Supplied data -
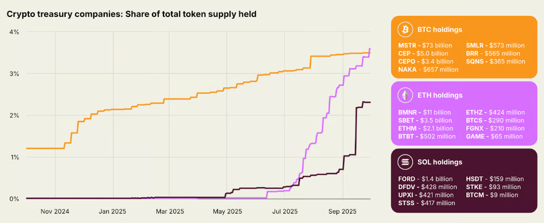 Michael Saylor’s MicroStrategy ($MSTR) has been going full degen, throwing down a wild $7.3B+ on Bitcoin. Yeah.. that’s not a typo. Billions. With a B. And yet, it’s no longer the biggest story in town. Digital Asset Treasury (DAT) companies now collectively hold $82.56B in BTC and $18.09B in ETH. But here’s the twist: ETH is having a bigger impact on supply than BTC despite holding only a fifth as much. Why? Simple math. ETH is cheaper, so treasury buys lock up more of the total supply. And when supply tightens, price tends to rip. But let’s not forget our favourite coin, Solana went on an absolute tear last month and leads me to believe we may be retelling this story by years end in its favour instead.
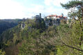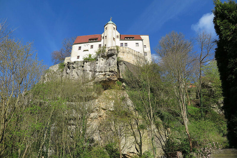 Am Samstag fuhren die 16 Teilnehmenden Umwelt- und Geldbeutel-freundlich (16€) mit dem Wochenend-Ticket von Herrenberg nach Bad Schandau. Trotz viermaligem Umsteigen – die Umsteigezeit in Hof 3 Minuten – waren wir auf die Minute pünktlich und wurden am Bahnhof vom Hotelshuttle erwartet. Schnelles Einchecken, Abendessen, da blieb noch Zeit zum Erkunden der nahegelegenen Burg Hohnstein. Von dort oben hatten wir eine berauschende Aussicht ins Polenztal und die gegenüberliegenden Felswände.
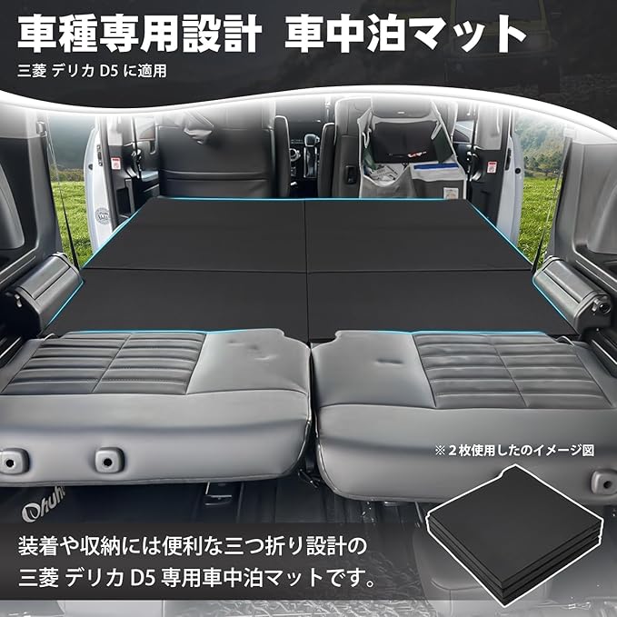 3.【車中泊快適 ・様々な用途】「旅行や仕事の長距離の移動中に横になって休みたい」そんな願いを叶えてくれる、 デリカ D5 CV系 専用の車中泊マットです。厚みは約5㎝で、サッと広げてどこでも寝られます。室内あるいはアウトドアの場合には、ソファ、ベッド、テント寝台として使用できます。レジャー、ドライブ、防災など幅広くご使用いただけます。旅行などの景色で車中泊してベッドにすることもできます。車内全体がベッドとして使用したい人は、2枚を購入することをおすすめ~
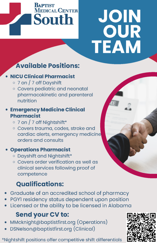 Qualifications – Pharm.D. or B.S. Degree. Residency or hospital experience (3-5 years) strongly preferred. Board Certification preferred. Must be currently licensed or eligible for licensure to practice pharmacy in the State of Alabama.

Your objective -
Pictures excluded, give again exactly and only the lines of the material above from the line with "Am Samstag fuhren" through the line with "3.【車中泊快適 ・様々な用途】「旅行や仕事の長距離の移動中に横になって休みたい」そんな願いを叶えてくれる、 デリカ".

Solution for this task -
 Am Samstag fuhren die 16 Teilnehmenden Umwelt- und Geldbeutel-freundlich (16€) mit dem Wochenend-Ticket von Herrenberg nach Bad Schandau. Trotz viermaligem Umsteigen – die Umsteigezeit in Hof 3 Minuten – waren wir auf die Minute pünktlich und wurden am Bahnhof vom Hotelshuttle erwartet. Schnelles Einchecken, Abendessen, da blieb noch Zeit zum Erkunden der nahegelegenen Burg Hohnstein. Von dort oben hatten wir eine berauschende Aussicht ins Polenztal und die gegenüberliegenden Felswände.
 3.【車中泊快適 ・様々な用途】「旅行や仕事の長距離の移動中に横になって休みたい」そんな願いを叶えてくれる、 デリカ D5 CV系 専用の車中泊マットです。厚みは約5㎝で、サッと広げてどこでも寝られます。室内あるいはアウトドアの場合には、ソファ、ベッド、テント寝台として使用できます。レジャー、ドライブ、防災など幅広くご使用いただけます。旅行などの景色で車中泊してベッドにすることもできます。車内全体がベッドとして使用したい人は、2枚を購入することをおすすめ~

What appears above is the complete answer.